China’s state priorities and subsequent APT41 victims
The culmination of APT41’s targets point to clear tasking from the Chinese state rather than a criminal entity. It serves to highlight the state’s backing of groups such as APT41 and the degree of coordination behind the scenes.
For example, APT41’s exfiltration of intelligence from vaccine development and healthcare institutes in order to advance the CCP’s knowledge and gain an illegal, competitive edge. APT41 have taken advantage of the Coronavirus pandemic by hacking COVID-19 research and stealing IP in order to fast-track the Chinese-state’s somewhat questionable vaccine supply.
Some readers will have noted APT41’s vast victims in the indictment. One of interest to us was NGO16: A non-profit organisation dedicated to alleviating worldwide poverty. APT41 compromised this organisation and put the livelihood of fellow humans at risk. It is increasingly clear the morals of the criminals behind this group are non-existent.
Chinese APTs don’t simply target international companies. They also target their own citizens using malware from big data capture to allow direct oversight of text message logs of high-profile Chinese targets. APT41 have systematically targeted hotels prior to senior officials staying in order to retrieve personal and identifiable information. This sort of direct, timely and specific targeting adds to the body of evidence that the Chinese state outsource at least part of their intrusive surveillance program to criminals within its borders.
It appears US indictments are not having the same effect as they used to.
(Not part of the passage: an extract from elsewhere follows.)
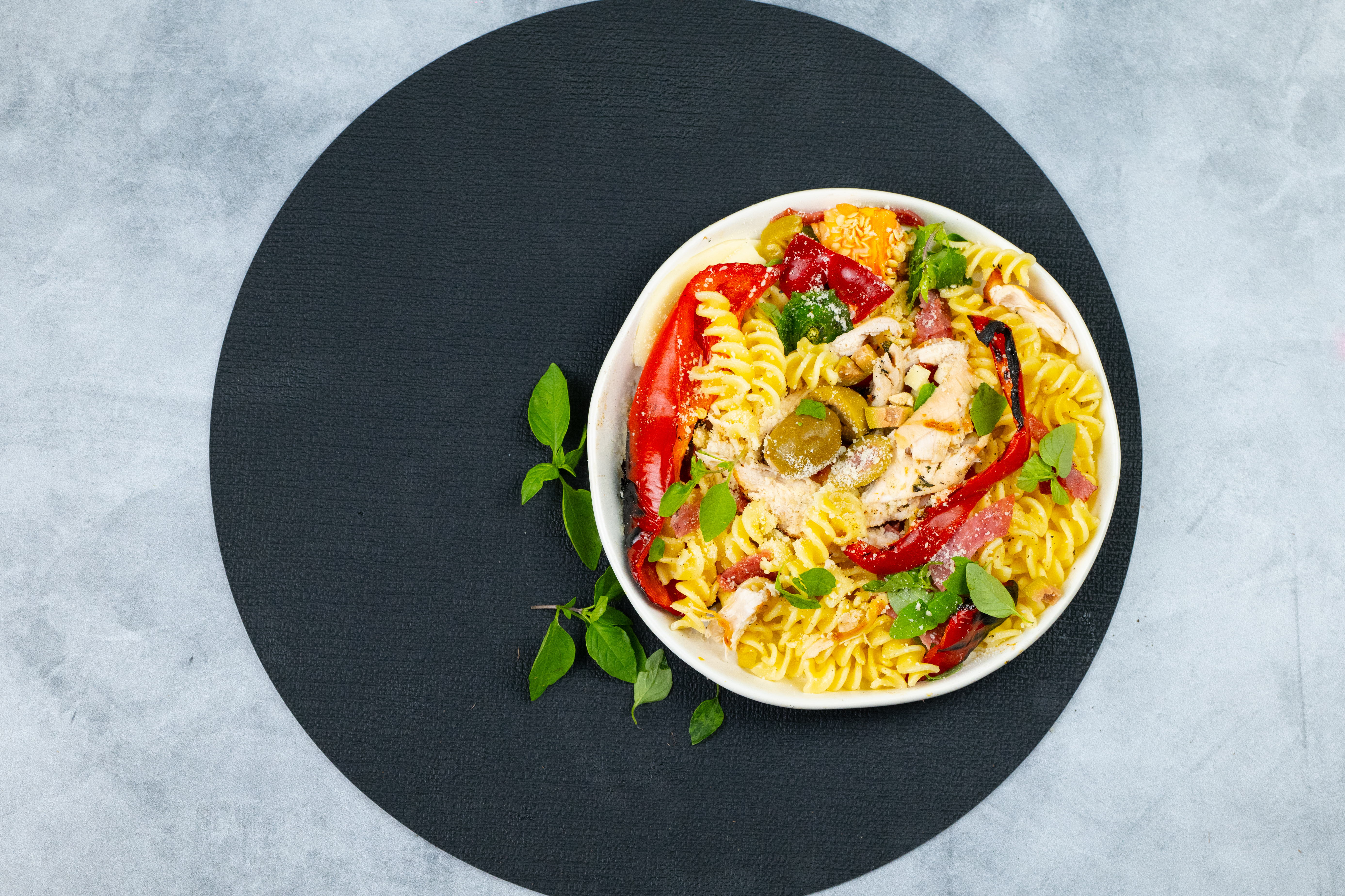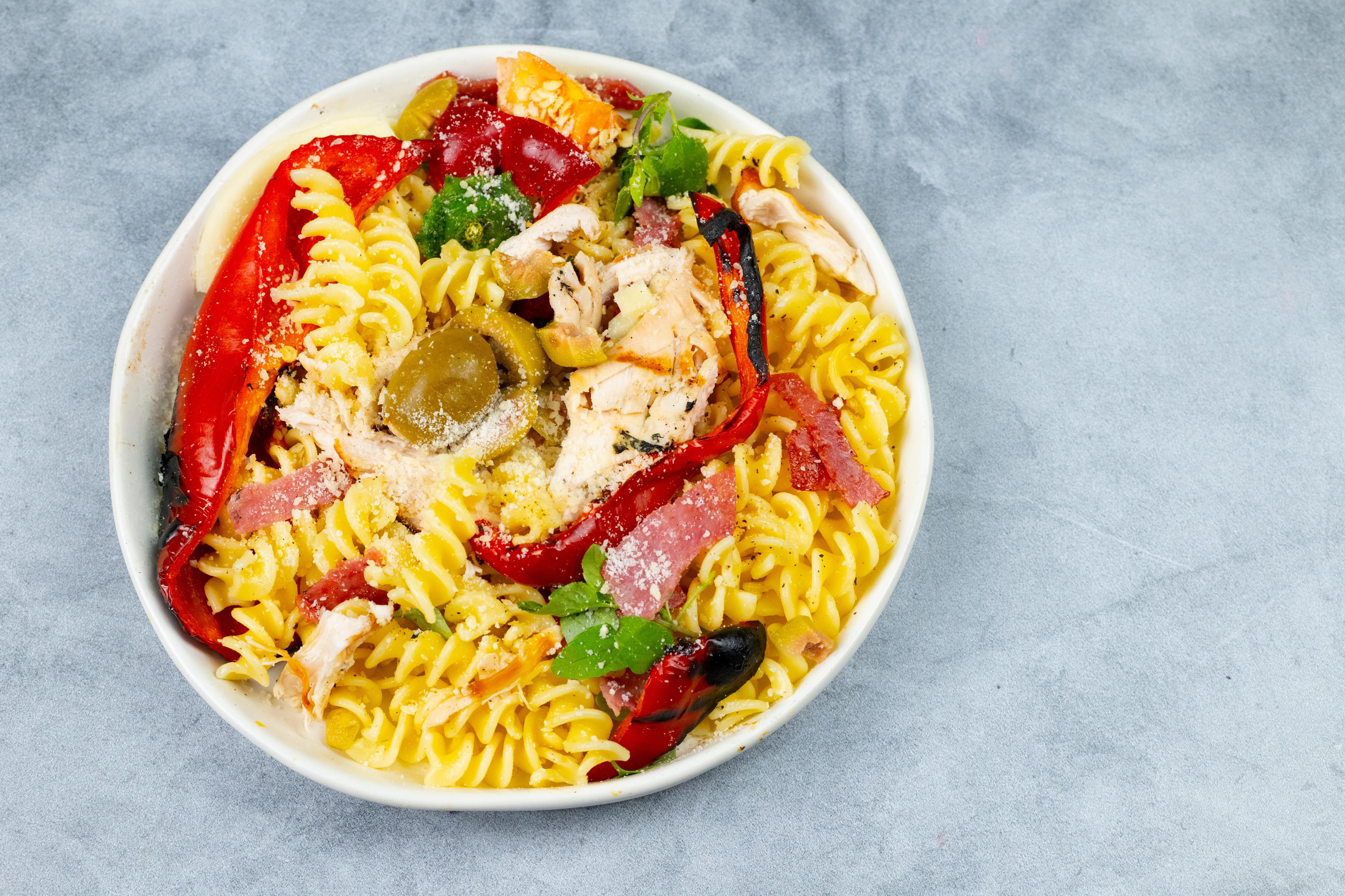Step 3 -In a large bowl, add the cooked fusilli, the salami, the turkey, the provolone, the Asiago, the olives, the red peppers, the remaining salt, and the remaining pepper and toss to combine.

Back in February, Mandiant reported on APT41 re-comprising US government victims, and using niche animal healthcare apps such as USAHERDS to gain access to intelligence to serve the CCP data machine.
Despite five of the actors being doxed by the US in 2020, APT41 TTPs have continued to be pop up on our radar. Their interest recently? Universities.
And not just any universities. Universities in locations the CCP are concerned about: Taiwan and Hong Kong.
As already noted in the OSINT community, RouterGod is a known, custom malware tool used by Wicked Panda (APT41). We have observed sustained connections to RouterGod command-and-control servers from multiple IP addresses associated with Hong Kong universities, including the Hong Kong University of Science and Technology and Education Universities
As recently as March 2022, APT41 were using a VPS at Romania-registered IP address 184.108.40.206 to host “watson.misecure.com”. We have seen evidence that they used this domain to compromise National Taiwan University databases using the “xp_cmdshell” (T1059.003) tool (to execute commands for netstat, process list, and network configuration) and successfully exfiltrated personally identifiable data on staff, students, and alumni of the university.
It appears nothing is off limits to this group. Any and all data is up for grabs.
We know the CCP uses criminal hackers to do their dirty work. Due to their lack of skill at evading detection, we also have the names of five individuals linked to Chinese intrusion set APT41.
The contractor model is no longer a neatly packaged, self-contained concept. The continuation of APTs engaging in dual hatting despite this now being public knowledge speaks to the Chinese state turning a blind eye. Repeated for-profit hacking makes it highly unlikely that APT41 is operating without the state’s awareness. And despite being named and shamed in public indictments, this still does not deter the group’s continued hacking of CCP’s targets – most recently we have reported on this occurring in the Education sector, with students, staff and alumni falling victim and their sensitive data stolen to feed the CCP data machine.
APT groups appeal because they are aggressive, dispensable and ‘distanced’ from the state-run organisations that sit behind them. We will continue to shed light on these cracks within the system; it is only a matter of time before this model becomes untenable. There is a lot of good work going on in this field (e.g, the Hearing on China’s Cyber Capabilities in the US) but we need to do more and keep applying the pressure. This is not just a US problem.